DM: The song, it stems from Armenian genocide, but it’s not necessarily about the genocide. It’s more about people who survived the genocide and that’s why the up-tempo. The dance and the festive feeling to it is more about raising morale and race pride in people who survived the genocide. We usually focus on the people who died during the Holocaust or the genocide or any kind of atrocity like that. But we tend to forget that they’re people and generations that survived and had to move to other countries and start a new life and struggle. It’s more of a song about having pride in that survival.

mxdwn: And the digital version of that song “Lives,” has the proceeds going to an Armenia Fund, Lives First Aid Kits Campaign for a part of the country called Artsakh. What would you like your fans to know about that particular area and that that fundraising effort, and what does it mean to give back to that region?
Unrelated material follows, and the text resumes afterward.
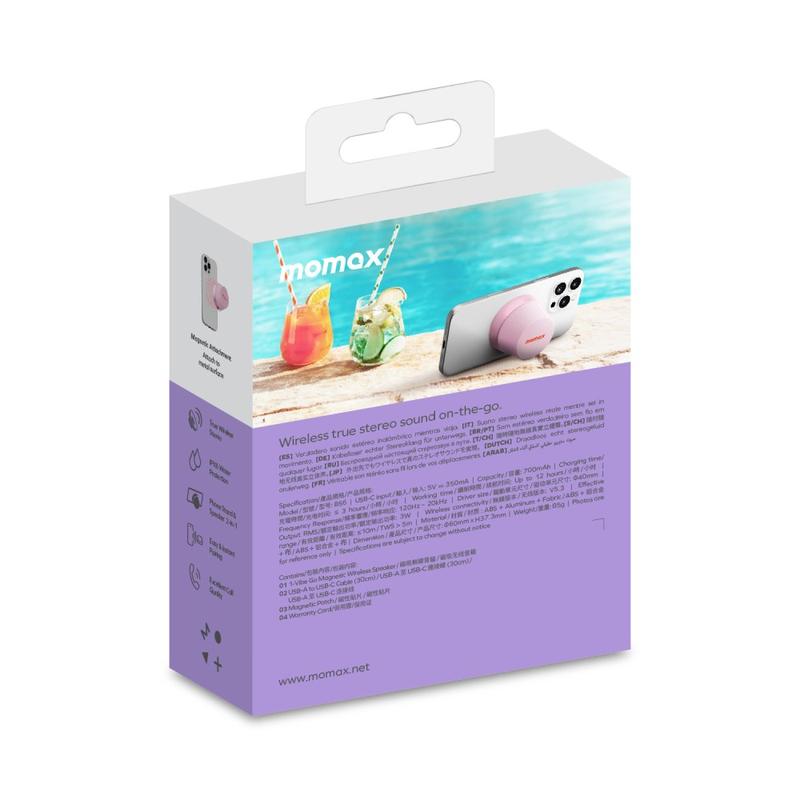 The MOMAX 1-Vibe Go BS6 magnetic mini Bluetooth speaker is a compact, versatile audio solution designed for everyday entertainment at home or on the go. Its ultra-mini magnetic design combines a portable wireless speaker with a practical phone stand, letting you enjoy music, videos, and calls with ease. Equipped with a powerful 40 mm driver and 360° sound output, it delivers immersive audio in a surprisingly small form, while IPX6 water resistance makes it suitable for daily use in different environments.

DM: Well, Armenians consider Artsakh part of Armenia. It’s its own republic but it’s been—we’ve had conflict with the Azerbaijan government over there and there’s supposed to be a ceasefire but that doesn’t always work out that way. You have a bit of a conflict going on between Azerbaijan and Artsakh. For me, there’s a lot of innocent civilians that get caught in the fire and the war and the fighting. From what I heard, a lot of the deaths seems to happen by people who are just bleeding out. If they have something as simple as a first aid kit, you could save a lot of lives. That’s really where I was going with that whole thing and trying to get people over there more first aid kits, so you have less deaths to gunshot wounds and people bleeding out, just getting caught in the crossfire. Since this song had an Armenian theme to it and it went back to genocide and survival, I thought it made sense to give back in some way to Armenia and the people who were struggling there.

mxdwn: With your projects, whether it be Scars on Broadway or System of a Down, the philosophy feels like you try to fit a ton of energy into a three-minute song, but the songs have a very progressive feel. Is that how you approach songwriting?

DM: A lot of that is my approach. I think of music in a very progressive type of way. But I also…one thing I don’t like about progressive and I guess “musician type” of music is sometimes…the song gets lost or like you have a really great part and that part never comes again. You have to wait like five minutes into the song to hear that part. I listened to a lot of different kinds of music, I wouldn’t just say progressive music, but for me, I just want to be able to express myself any way I want to. I don’t want to be like, “Well, I play heavy music so this song has to be angry and the lyrics have to be angry. It always has to be something I’m angry about.” It’s not the case. Life has a lot of twists and turns. You’ve got happy moments, you’ve got angry moments, you have sad moments and for me, I like to touch on all of that stuff. But what you said about trying to cram in a progressive style in two minutes, that’s really for me the challenge. It’s more challenging to make it interesting in like two or three minutes.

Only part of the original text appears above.